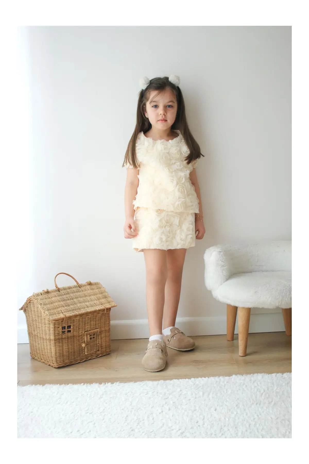 Kız Çocuk Çicek Dokulu Alt Üst Takım
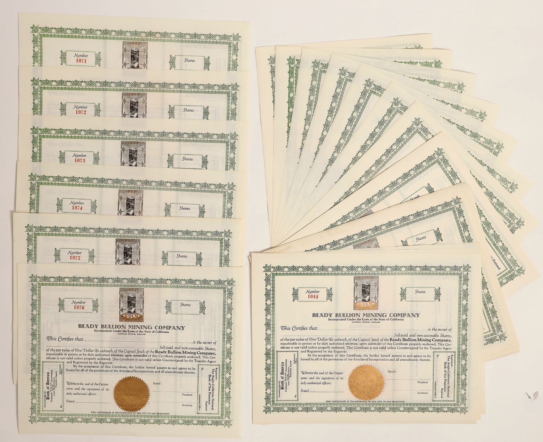About 40 unissued Ready Bullion Mining stocks. Located near Gold Lake, Sierra City Mining District, Sierra County. "Gold" vignette. I love to hike this beautiful area![ California
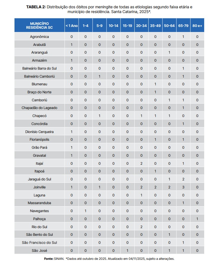 Em Criciúma, foram notificadas 31 ocorrências de meningite neste ano, sendo um caso de doença meningocócica. Neste registro, familiares que residiam com o paciente receberam quimioprofilaxia. Na região sul, seis mortes foram contabilizadas, nos municípios de Araranguá, Armazém, Braço do Norte, Grão-Pará, Gravatal e Laguna.
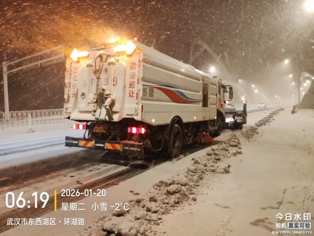 据统计,截至20日早晨7点,东西湖区累计出动人员940余人、巡查车辆106台,雪滚雪铲、撒布机等各类机械78台,预撒融雪剂约300吨,铺设草垫麻袋9880余条,处置结冰点位52处,全力保障民生安全。
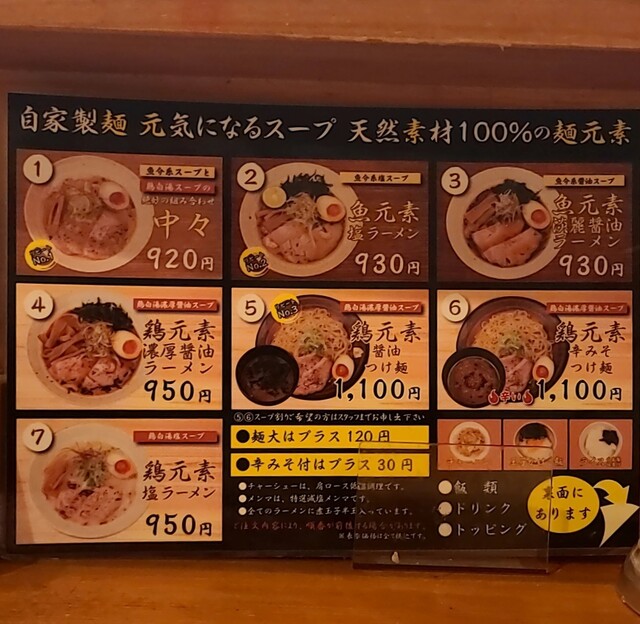 スープは鶏元素の鶏白湯スープに魚元素の魚介清湯スープを合わせて、醤油たれに塩たれを合わせたスープ、鶏白湯のこくにあっさり魚介の風味も、朝鮮人参も入ったあっさりだけどこくのある美味しいスープです。
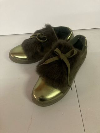 Zapatillas casuales con un diseño llamativo y detalles de pelo. - Puntera dorada - Adorno de pelo en la parte delantera. - Cordones a tono.
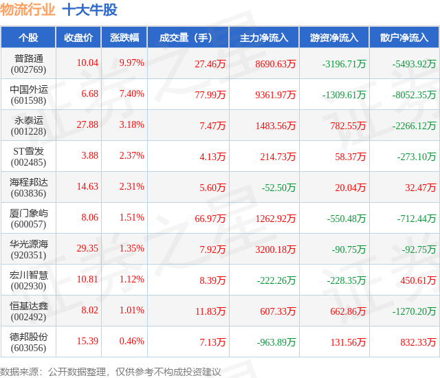个股表现方面,物流行业当日领涨股为普路通(002769),该股当日报收10.04,上涨9.97%,成交量27.46万,主力资金净流入8690.63万元。中国外运(601598)以上涨7.4%紧随其后,该股当日成交量77.99万,主力资金净流入9361.97万元。除此之外,永泰运(001228)、ST雪发(002485)、海程邦达(603836)均进入当日牛股之列。具体个股列表见下表:
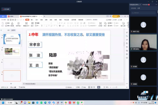 11月28日晚,马克思主义学院的宋蕾老师通过学习通线上授课方式以“陆游的爱国情怀与儿女情长”为主题展开精彩讲座,向同学们介绍陆游坎坷的一生。
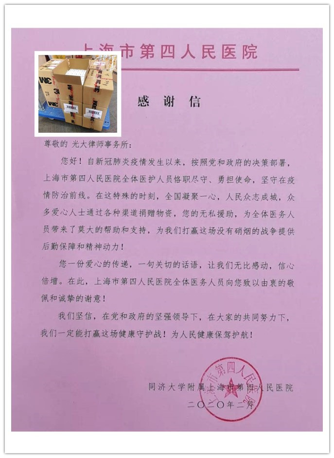 虹口律师驰援一线医护人员,无私奉献,精诚团结,捐款捐物的做法得到了疫情一线的肯定和认可。上海市第四人民医院向上海市光大律师事务所发来感谢信,感谢其捐赠了一批3M人工皮敷料,使医护人员避免了因长时间佩戴口罩、护目镜后引发的面部压疮。
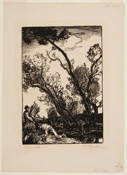 Curator: Ernst Ludwig Kirchner's "Fruit Trees at Gollsberode," now residing at the Harvard Art Museums, presents a fascinating landscape. What's your immediate take? Editor: Stark. The crude, heavy application of ink gives it a rather unsettling feeling, despite the pastoral subject. You can almost smell the earth. Curator: Interesting. I see this as a reflection of the changing German landscape. The art world shifted dramatically in the early 20th century, moving to more public displays of artwork. Editor: And what of the material realities? Lithography allowed for wider distribution. This wasn't meant for a wealthy patron's private collection, but for a broader audience. It democratized art. Curator: Precisely! Kirchner, along with Die Brücke, sought to challenge academic traditions, both institutionally and aesthetically. Editor: It's a powerful piece, charged with an almost rebellious energy evident in its very making. The raw materials, the printing process, all speak to that. Curator: Agreed. It embodies a pivotal moment in art history. Editor: Absolutely. It’s an important example of art’s transformative power.
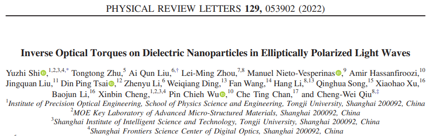 北京时间7月29日,taptap网页版登录kino物理科学与工程学院程鑫彬教授和施宇智特聘研究员团队在物理学权威期刊《物理评论快报》(Physical Review Letters)在线发表题为《椭圆偏振光作用下介电质纳米颗粒中的可逆光力矩》(Inverse Optical Torques on Dielectric Nanoparticles in Elliptically Polarized Light Waves)的论文。该论文首次研究了椭圆偏振光作用下非金属纳米颗粒中的可逆光力矩,揭示了不同偏振态在一定光学入射角的情况下对光力矩的作用机制。
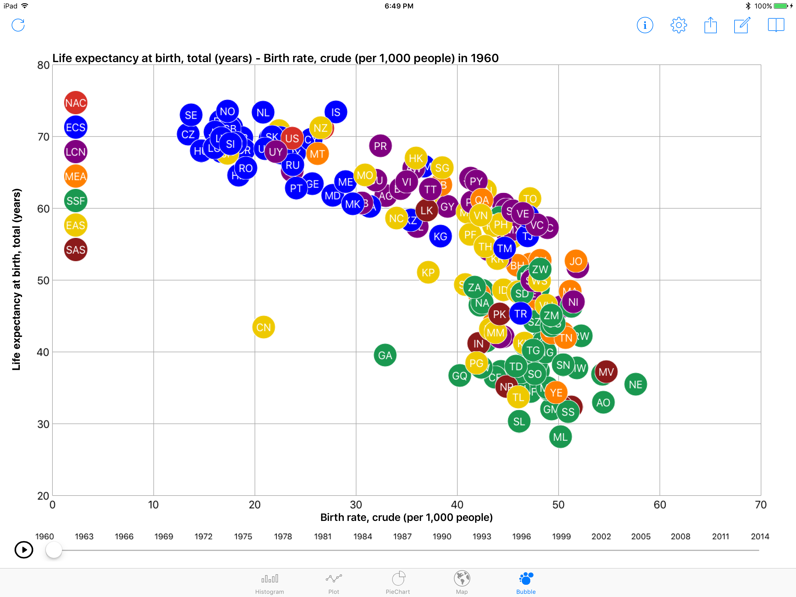 How does birth rate correlates with life expectancy for different countries from 1960 until today?

## [Required action]
In case the records contain pictures, keep those out and repeat the rest exactly.

## [Solution below]
 Kız Çocuk Çicek Dokulu Alt Üst Takım
About 40 unissued Ready Bullion Mining stocks. Located near Gold Lake, Sierra City Mining District, Sierra County. "Gold" vignette. I love to hike this beautiful area![ California
 Em Criciúma, foram notificadas 31 ocorrências de meningite neste ano, sendo um caso de doença meningocócica. Neste registro, familiares que residiam com o paciente receberam quimioprofilaxia. Na região sul, seis mortes foram contabilizadas, nos municípios de Araranguá, Armazém, Braço do Norte, Grão-Pará, Gravatal e Laguna.
 据统计,截至20日早晨7点,东西湖区累计出动人员940余人、巡查车辆106台,雪滚雪铲、撒布机等各类机械78台,预撒融雪剂约300吨,铺设草垫麻袋9880余条,处置结冰点位52处,全力保障民生安全。
 スープは鶏元素の鶏白湯スープに魚元素の魚介清湯スープを合わせて、醤油たれに塩たれを合わせたスープ、鶏白湯のこくにあっさり魚介の風味も、朝鮮人参も入ったあっさりだけどこくのある美味しいスープです。
 Zapatillas casuales con un diseño llamativo y detalles de pelo. - Puntera dorada - Adorno de pelo en la parte delantera. - Cordones a tono.
个股表现方面,物流行业当日领涨股为普路通(002769),该股当日报收10.04,上涨9.97%,成交量27.46万,主力资金净流入8690.63万元。中国外运(601598)以上涨7.4%紧随其后,该股当日成交量77.99万,主力资金净流入9361.97万元。除此之外,永泰运(001228)、ST雪发(002485)、海程邦达(603836)均进入当日牛股之列。具体个股列表见下表:
 11月28日晚,马克思主义学院的宋蕾老师通过学习通线上授课方式以“陆游的爱国情怀与儿女情长”为主题展开精彩讲座,向同学们介绍陆游坎坷的一生。
 虹口律师驰援一线医护人员,无私奉献,精诚团结,捐款捐物的做法得到了疫情一线的肯定和认可。上海市第四人民医院向上海市光大律师事务所发来感谢信,感谢其捐赠了一批3M人工皮敷料,使医护人员避免了因长时间佩戴口罩、护目镜后引发的面部压疮。
 Curator: Ernst Ludwig Kirchner's "Fruit Trees at Gollsberode," now residing at the Harvard Art Museums, presents a fascinating landscape. What's your immediate take? Editor: Stark. The crude, heavy application of ink gives it a rather unsettling feeling, despite the pastoral subject. You can almost smell the earth. Curator: Interesting. I see this as a reflection of the changing German landscape. The art world shifted dramatically in the early 20th century, moving to more public displays of artwork. Editor: And what of the material realities? Lithography allowed for wider distribution. This wasn't meant for a wealthy patron's private collection, but for a broader audience. It democratized art. Curator: Precisely! Kirchner, along with Die Brücke, sought to challenge academic traditions, both institutionally and aesthetically. Editor: It's a powerful piece, charged with an almost rebellious energy evident in its very making. The raw materials, the printing process, all speak to that. Curator: Agreed. It embodies a pivotal moment in art history. Editor: Absolutely. It’s an important example of art’s transformative power.
 北京时间7月29日,taptap网页版登录kino物理科学与工程学院程鑫彬教授和施宇智特聘研究员团队在物理学权威期刊《物理评论快报》(Physical Review Letters)在线发表题为《椭圆偏振光作用下介电质纳米颗粒中的可逆光力矩》(Inverse Optical Torques on Dielectric Nanoparticles in Elliptically Polarized Light Waves)的论文。该论文首次研究了椭圆偏振光作用下非金属纳米颗粒中的可逆光力矩,揭示了不同偏振态在一定光学入射角的情况下对光力矩的作用机制。
 How does birth rate correlates with life expectancy for different countries from 1960 until today?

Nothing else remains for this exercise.